High business, parenting costs among MPs’ top concerns on first day of Budget debate

Tessa Oh
Published Wed, Feb 22, 2023 · 10:23 PM

CONCERNS over rising costs – whether for businesses or families – were a recurring theme on the first day of debate on Budget 2023, as Members of Parliament (MPs) suggested ways to mitigate this impact.

But even as some called for more aid, others argued for fiscal prudence amid an uncertain external environment, or emphasised that Singapore must stay competitive to achieve growth.

The debate on the government’s latest fiscal plan began on Wednesday (Feb 22), with 27 MPs speaking on issues ranging from Central Provident Fund (CPF) contributions to the need for upskilling.

Noting that business costs have risen and are likely to keep doing so, some MPs wanted more help for small- and medium-sized enterprises (SMEs) to offset high operating costs, as well as enhanced productivity and digitalisation initiatives.

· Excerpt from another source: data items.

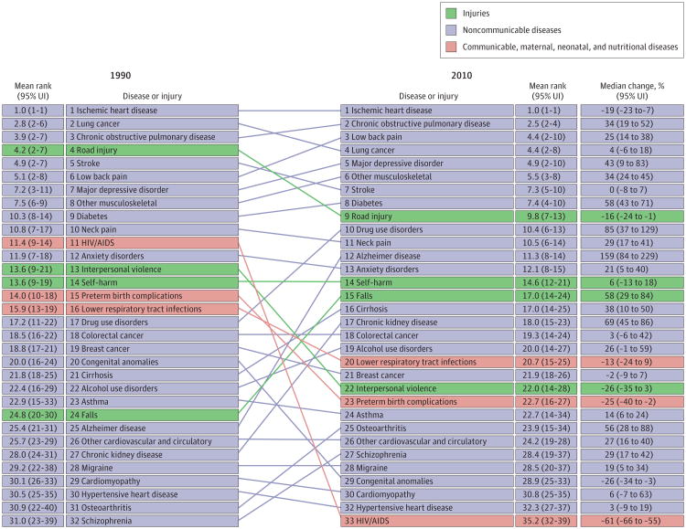 Combining YLLs and YLDs into DALYs provides a summary metric of the leading contributors to health loss. In 1990, 40% of DALYs were due to YLDs increasing to 45% in 2010. Figure 2 shows the rank of the leading diseases and injuries contributing to DALYs in 1990 and2010. Communicable, maternal, neonatal, and nutritional disorders are red, noncommunicable causes are blue, and injuries are green. Diseases and injuries are connected by lines between 1990 and 2010. The top 15 diseases and risk factors contributing to DALYs are a complex mix of cardiovascular diseases (ischemic heart disease and stroke), musculoskeletal disorders (low back pain, other musculoskeletal disorders, and neck pain), 1 cancer type (lung), mental and behavioral disorders (major depressive disorder, drug use disorder, and anxiety), COPD, diabetes, and 3 injury types (road injury, self-harm, and falls) (Figure 2). Of the 30 leading diseases and injuries contributing to DALYs, 10 (COPD, major depressive disorders, other musculoskeletal, diabetes, drug use disorders, Alzheimer, falls, cirrhosis, CKD, and osteoarthritis) increased by more than 30% from 1990 to 2010 (eTable 6 in the Supplement provides detail for the 272 diseases and injuries). Other disorders contributing to DALYs not in the top 30 that have also increased by more than 30% in the past 2 decades include liver cancer, atrial fibrillation, kidney cancers, eating disorders, and poisoning.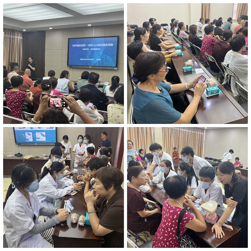 活动现场,师生团队结合老年群体的健康需求与安全痛点,将服务分为“口腔健康守护”“急救技能培训”两大核心板块,让专业知识以贴近生活的方式触达老年学员。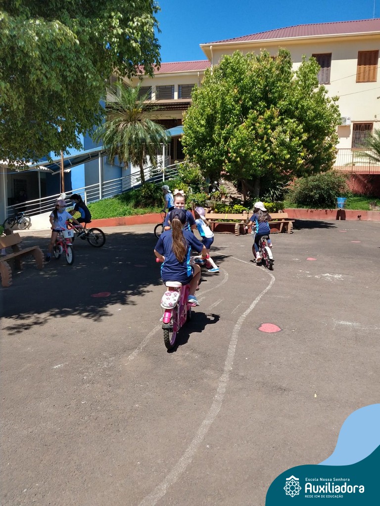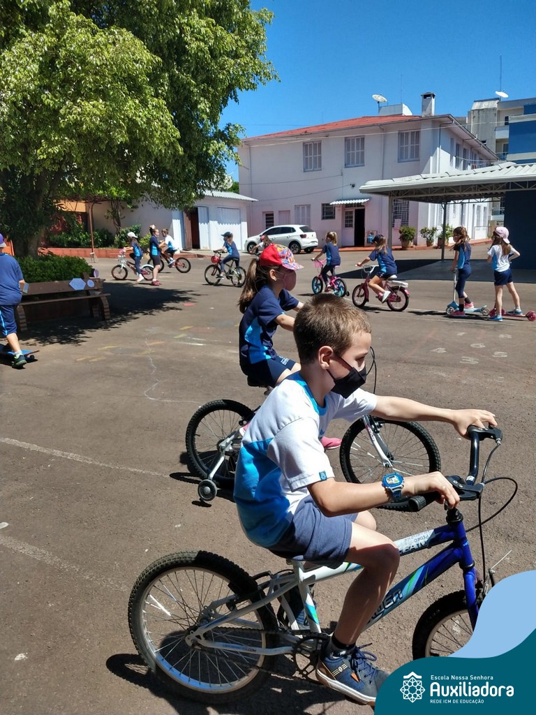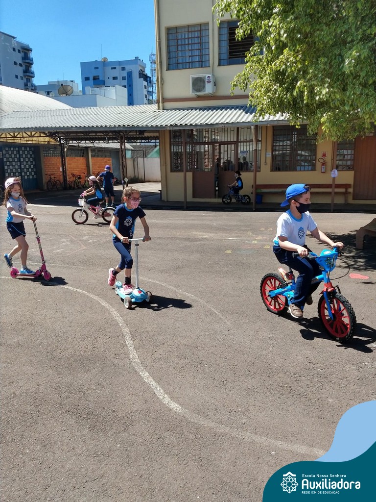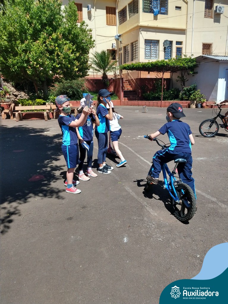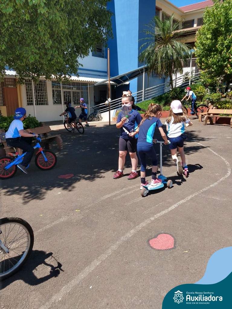 Finalizando os conhecimentos sobre a educação e o respeito no trânsito e o estudo dos meios de transporte, as turmas do 2° ano vivenciaram uma experiência em que puderam ser motoristas e pedestres, observando e respeitando as placas de trânsito, além de explorar o equilíbrio e motricidade ampla.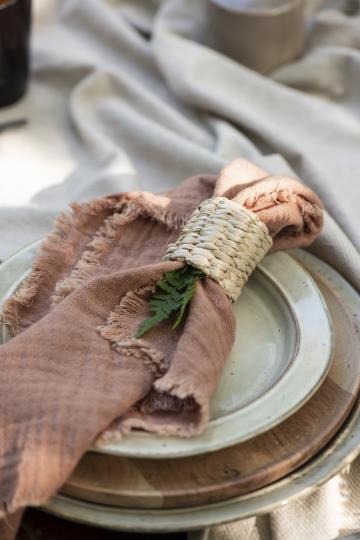 Geschirrtuch Hollie, natur, roter Weihnachtsschmuck an Schnüren 50x70cm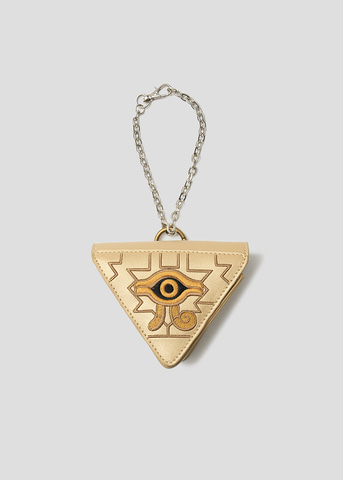 さらに、小物として「融合」と「青眼の究極竜(ブルーアイズ・アルティメットドラゴン)」がデザインされたショルダーバッグや、「千年パズル」のカスタムポーチもラインナップされている。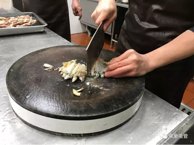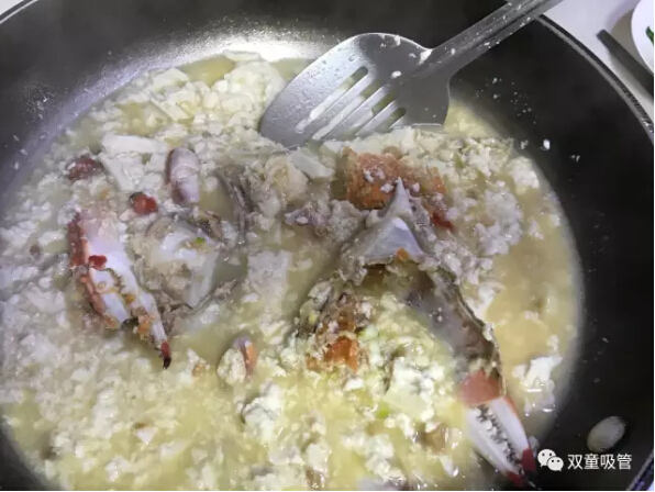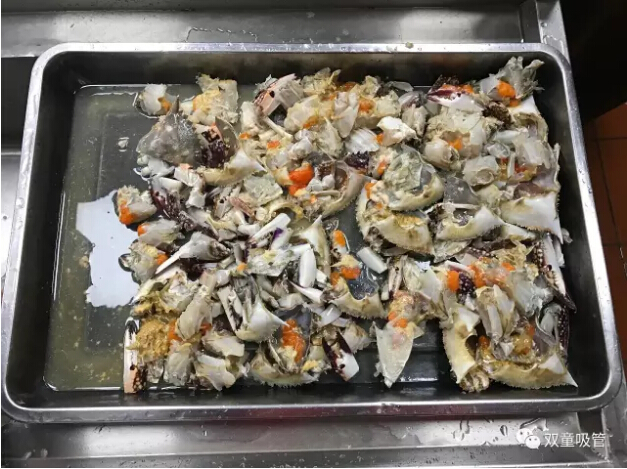 十七、螃蟹清洗宰殺完畢準(zhǔn)備烹煮,宰殺后的螃蟹千萬(wàn)千萬(wàn)不能清洗了,連同黑乎乎湯汁(膏體)一并燒進(jìn)去。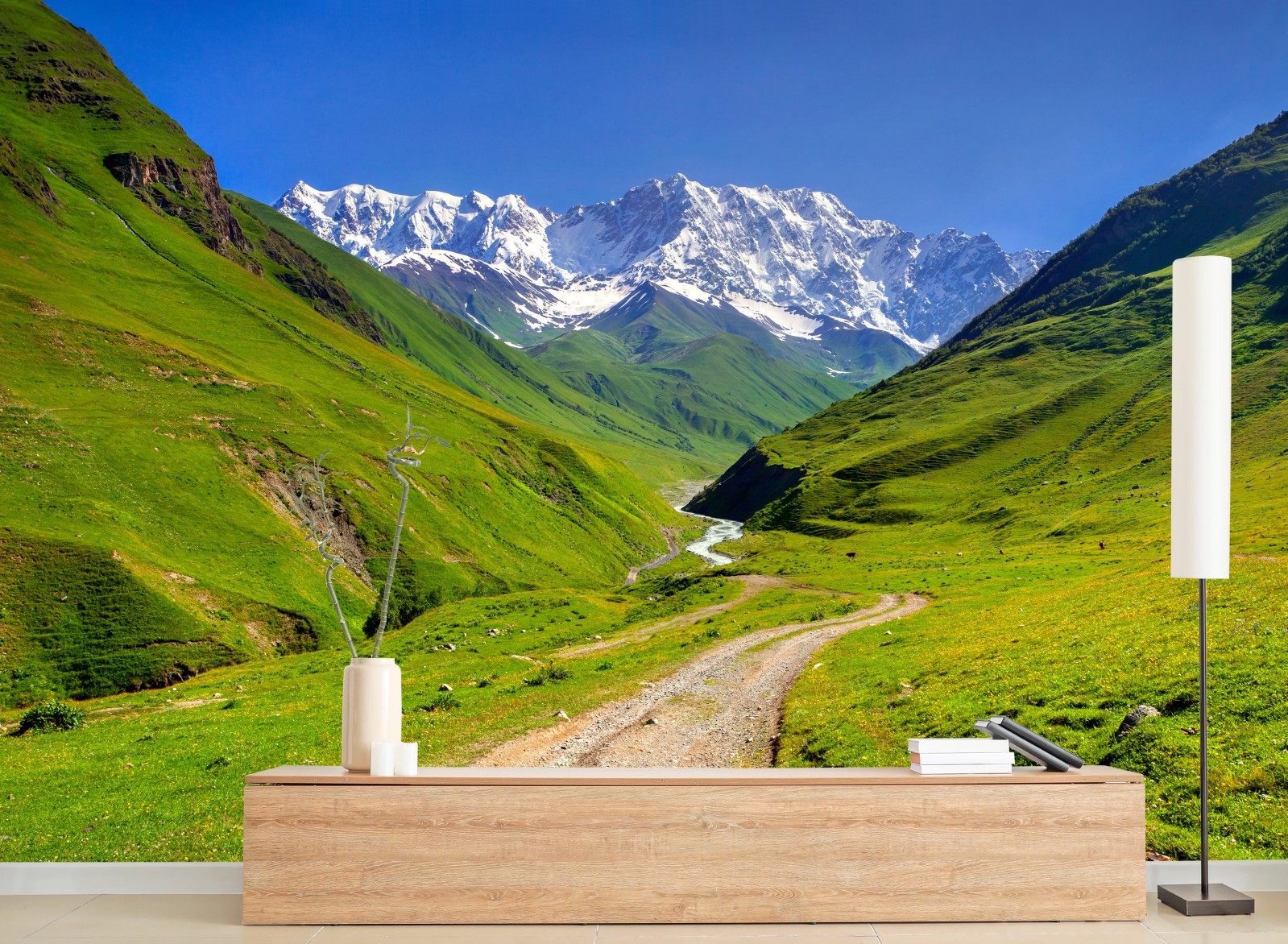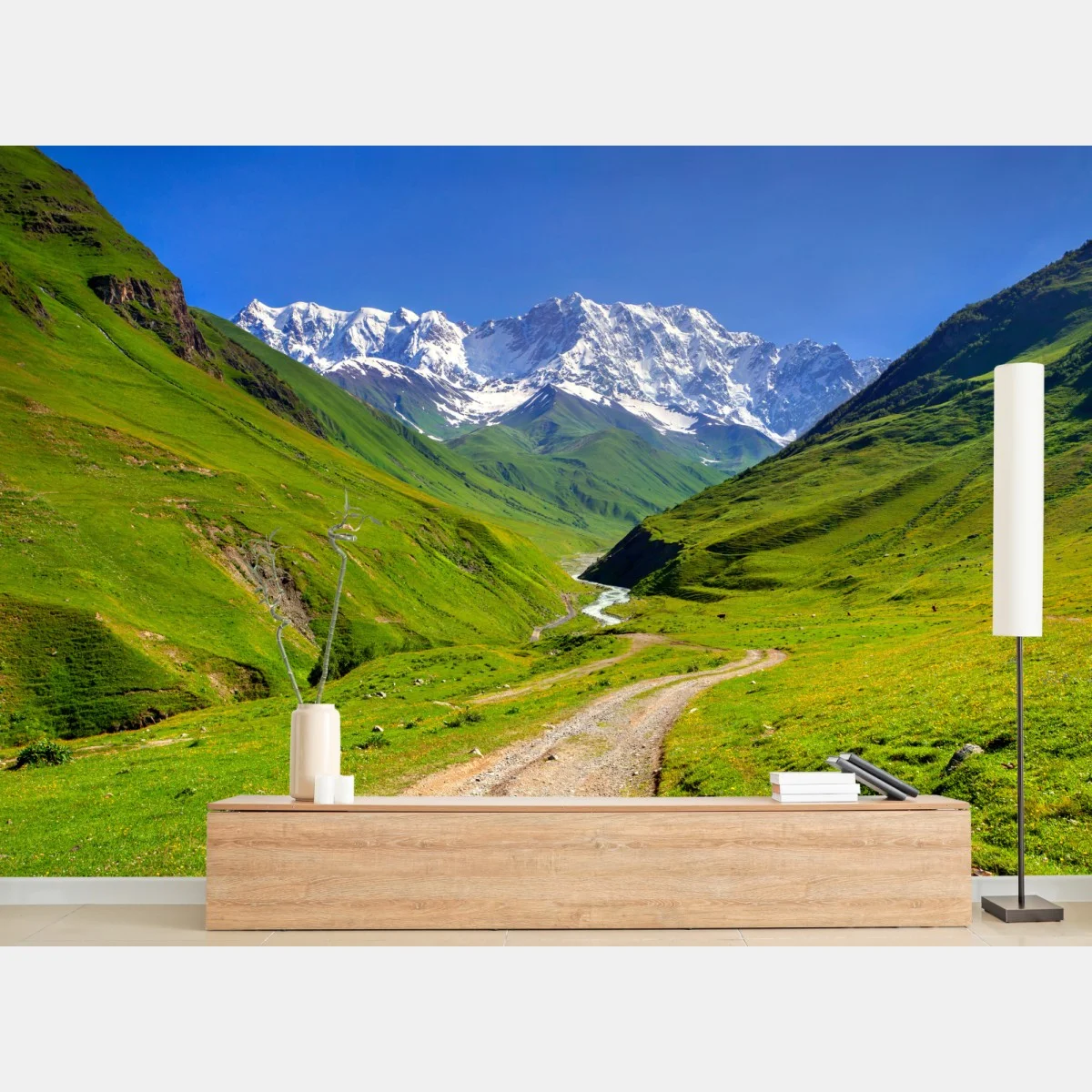 Atemberaubendes Panorama der Shkhara und der grünen Täler von Svaneti, ideal um alpine Ruhe und lebendige Farben in jeden Raum zu bringen.MehrWeniger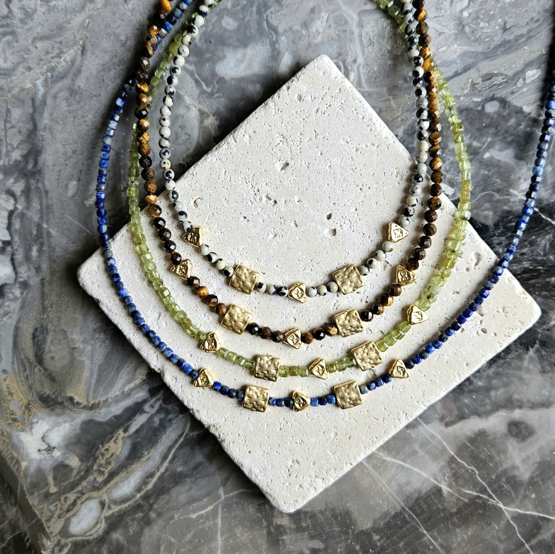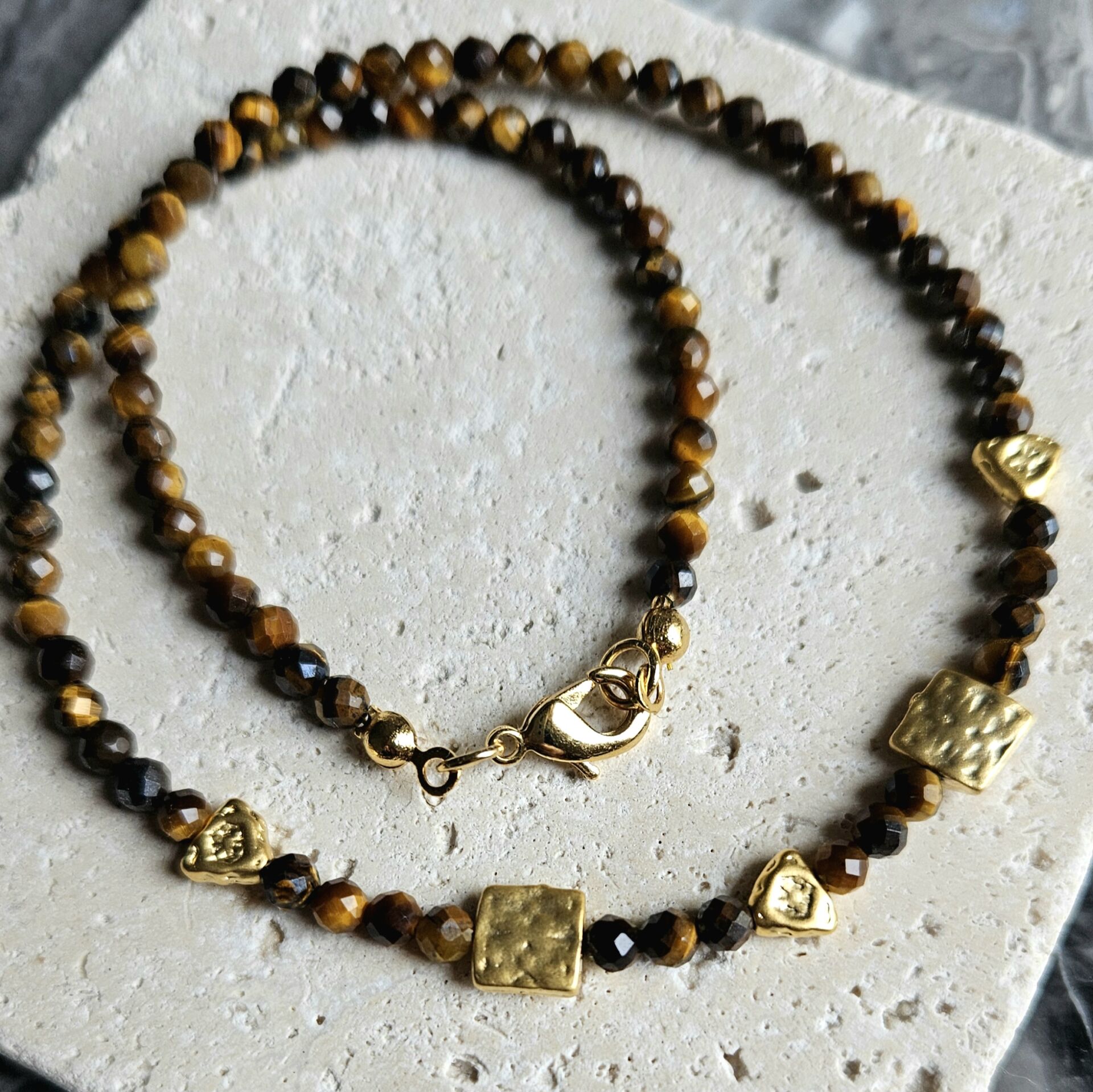 - Malzeme : Kaplangözü doğal taş, altın kaplama mat pirinç figürler.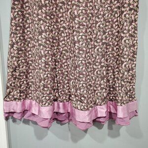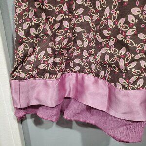 J. Jill Women's Floral A-Line Purple Satin Trimmed Skirt Ruffles Zip Size 8. Please note a small spot on the front ruffle area, see pictures. I am hopeful this will be removed when dry-cleaned. The dress color appears more brownish in the pictures, but in person it is more of a tanish green/gray. Closure is a left side zip. All measurements are approximate.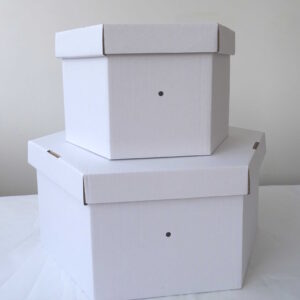 Krabice na klobouky šestihran bílá – vyrábíme na objednávku od 50 kusů, cca do měsíce, přičemž si můžete nakombinovat velikosti, např. 20 malých a 30 velkých krabic. Napište nám kolik kusů potřebujete a dáme Vám individuální cenovou nabídku. Cenu za dopravu Vám nabídneme podle množství a velikosti.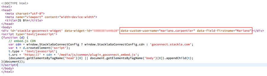 There are two places within the GoConnect form where custom data can be appended. The first is as plain text which is rendered in any part of the GoConnect HTML, the second is as a pre-populated value within one of the fields. As such, to help the form know where this data should live, Nosto's UGC has two custom data prefix types which need to be included in order for the GoConnect form to know where the custom data will go.Plain text values should have the prefix "data-custom-" (ie. data-custom-username) whilst values for the fields should have the prefix "data-field-" (ie. data-field-firstname"). It is important for the field data that the unique parameter (ie. firstname) is consistent with the field names specified in your templates. Both these values should be appended to the DIV class part of the GoConnect embed code as per the screenshot below.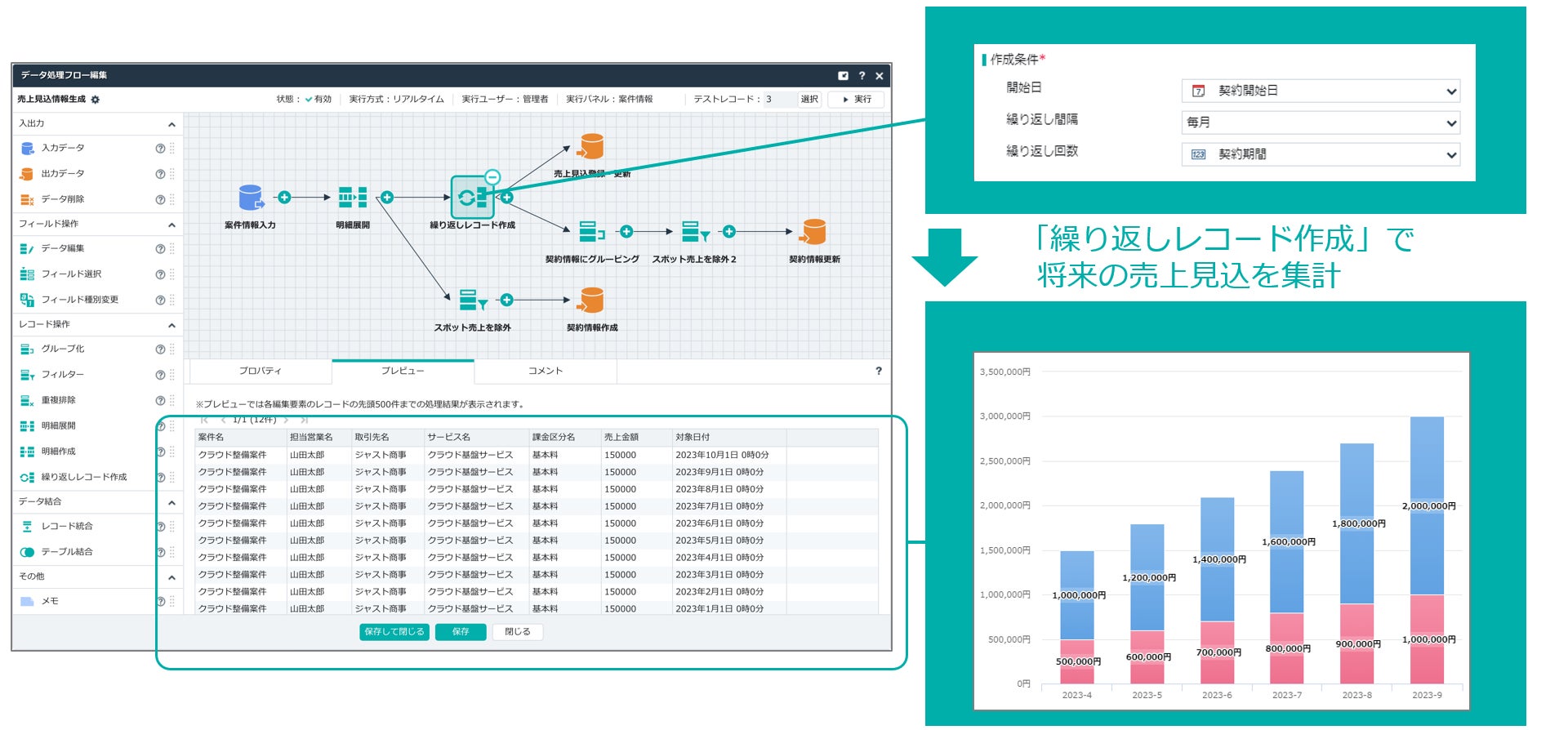 お客様ごとの契約期間や、売上処理の間隔に応じた明細データを簡単に作成できる「繰り返しレコード作成」機能を新たに搭載しました。サブスクリプション型ビジネスの集計に必要なレコードの一括生成により、これまでの煩雑な作業が不要で、将来の売上見込を把握できます。また、生成したレコードの特定フィールドを直接編集できる「インライン編集」機能も搭載しました。これらの機能により、サブスクリプション契約の顧客台帳を作るだけで、正確な売上集計や案件管理、精度の高いフォーキャストの確認が可能となります。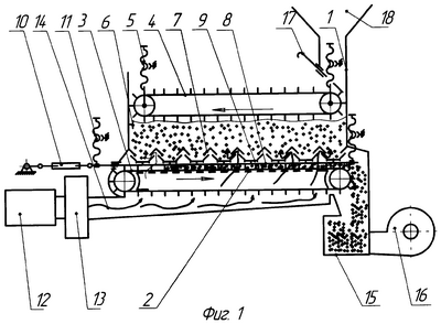 Механизм возвратно-поступательного движения каретки 10 переводят в положение сушки, затем открывают заслонку регулировки подачи материала 17 и материал цепочно-скребковым разравнивающим транспортером 4 заполняется в камере 1 заданной толщиной. После загрузки камеры 1 датчик уровня материала сушки 6 отключает привод на цепочно-скребковый разравнивающий транспортер 4. С помощью топочного блока 12 и вентилятора 13 начинается подача теплоносителя по каналу 14 в камеру 1. Происходит нагревание материала и транспортирование испарившейся влаги.

The government could offer loans with lower interest rates, and review the eligibility for grants – such as the Productivity Solutions Grant – to allow more SMEs to qualify, said Marine Parade Group Representation Constituency (GRC) MP Seah Kian Peng.

To incentivise employers to train workers, the government could make upskilling a compulsory component in evaluating a company’s eligibility for tax relief, and provide complementary training grants, he added.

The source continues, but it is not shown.